Labels and titles are important as they provide context. You can add text annotations directly to your GeoDataFrame plot:

# Adding title and labels
ax.set_title('Population Density Map')
ax.set_xlabel('Longitude')
ax.set_ylabel('Latitude')

What about interactivity? Sometimes static maps don’t cut it. Integrating GeoPandas with tools like Folium can provide interactive capabilities, allowing for zooming and adding layers:

import folium

# Creating a map center
map_center = gdf.geometry.centroid.iloc[0]

# Creating a Folium map
m = folium.Map(location=[map_center.y, map_center.x], zoom_start=5)
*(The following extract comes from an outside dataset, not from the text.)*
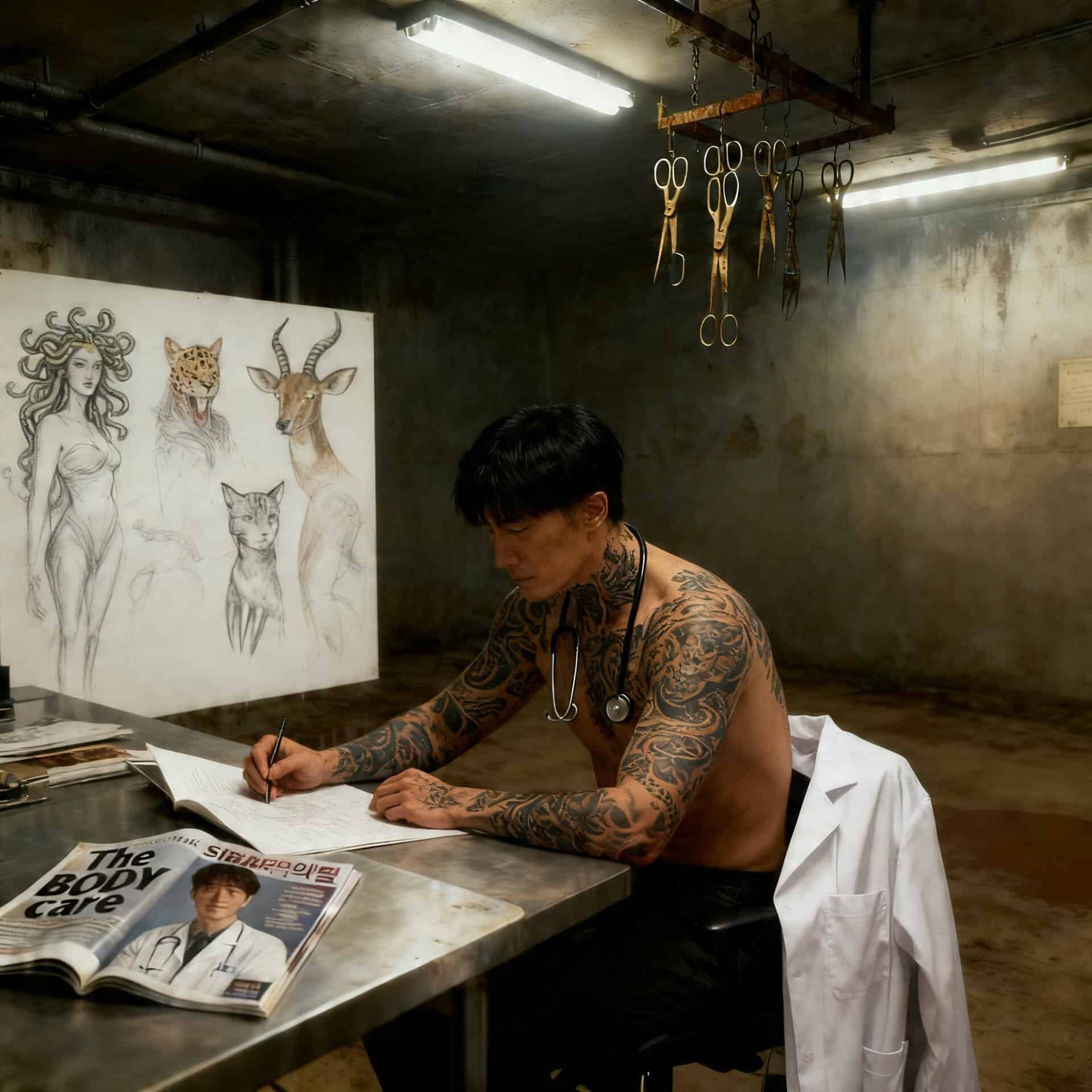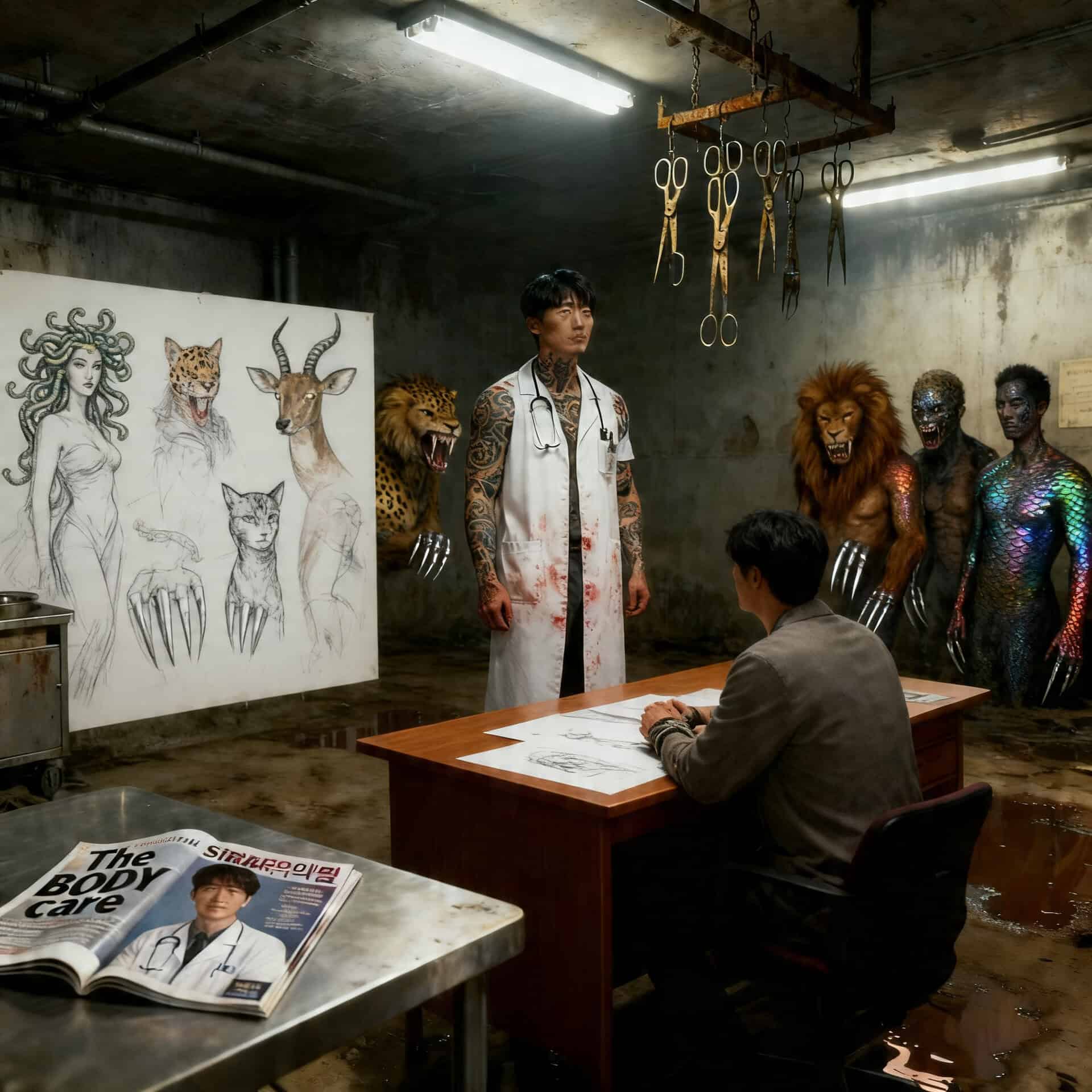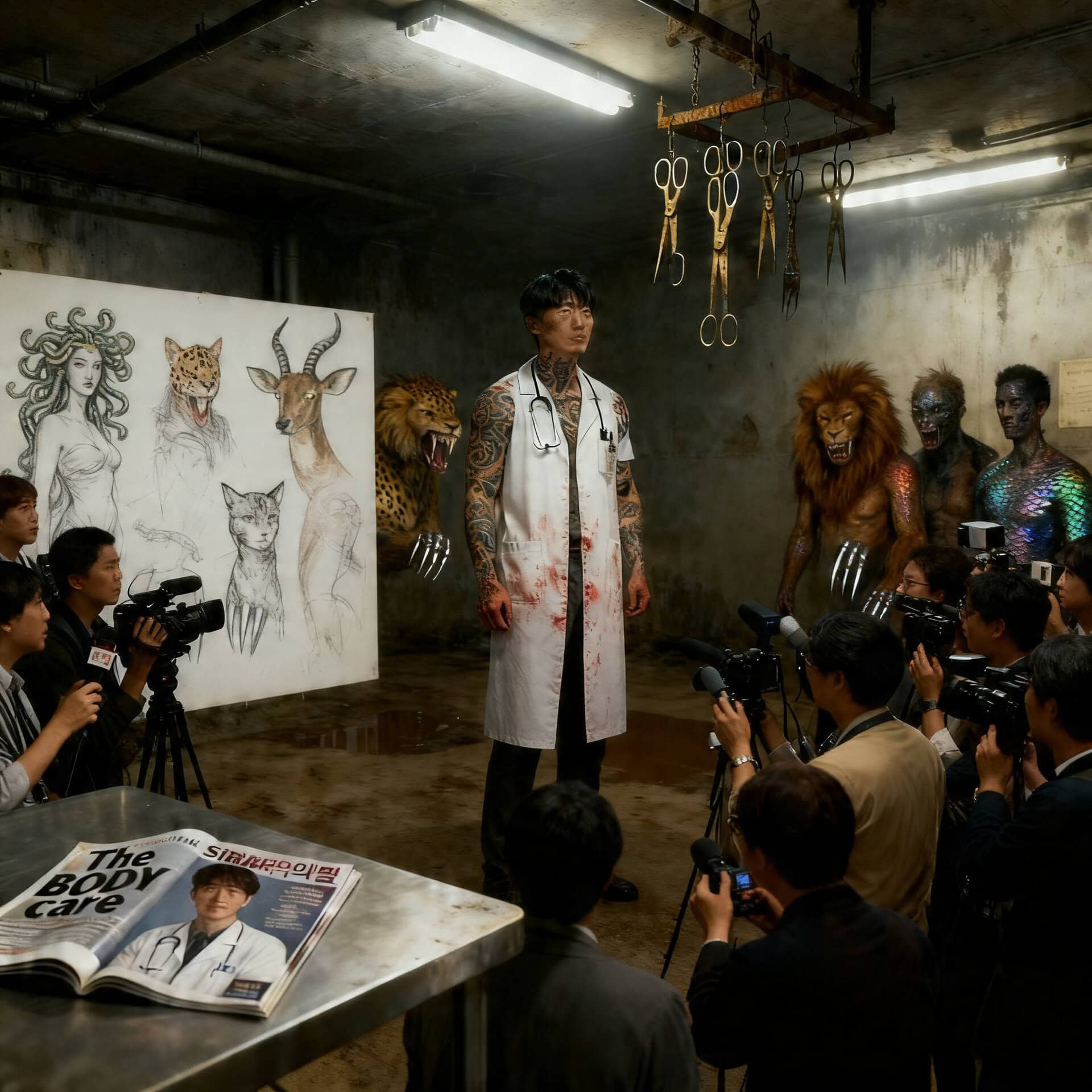 Si parte dalla morbosa attenzione che un medico e artista coreano, il Dr Kim di Seul, ha avuto per il corpo umano sottoposto a tatuaggio che era, all’inizio della sua carriera una forma di pittura corporea, un’occasione “per esprimere ogni tipo di emozioni”. Ma l’estetica non bastava all’immaginazione di Kim: si poteva, anzi si doveva fare di più. Così si è inventato la trasfigurazione della pelle che nelle sue intenzioni, lo avrebbe reso ricco e famoso nel mondo.

# Adding the GeoDataFrame as a layer to the Folium map
folium.GeoJson(gdf).add_to(m)

# Display the map
m

There’s a lot to play with in terms of aesthetics. GeoPandas allows you to tweak almost every visual aspect of your map. For instance, you might want to modify the transparency of your plot for better visual appeal or to layer multiple maps:

# Plotting with adjusted transparency
gdf.plot(column=variable, alpha=0.5, legend=True)

For more intricate customizations, digging into GeoPandas documentation and examples from the GitHub repository can help immensely (GeoPandas GitHub).

Finally, remember that GeoPandas is built on top of Matplotlib, so any advanced Matplotlib technique can be applied to a GeoPandas plot. This cross-compatibility significantly extends your toolkit for making compelling maps. Additional resources such as Matplotlib’s gallery of examples are excellent for inspiration (Matplotlib Gallery).

Creating these maps could be somewhat intimidating at first, but once you get the hang of it, the possibilities are endless. Keep experimenting with styles, layers, and interactivity options. The more you practice, the more you’ll discover just how flexible and powerful GeoPandas is for geospatial mapping.

And that’s a wrap on our series! With this toolkit, I’m confident you can start crafting maps that not only serve their functional purpose but also engage and inform your audience effectively. Happy mapping!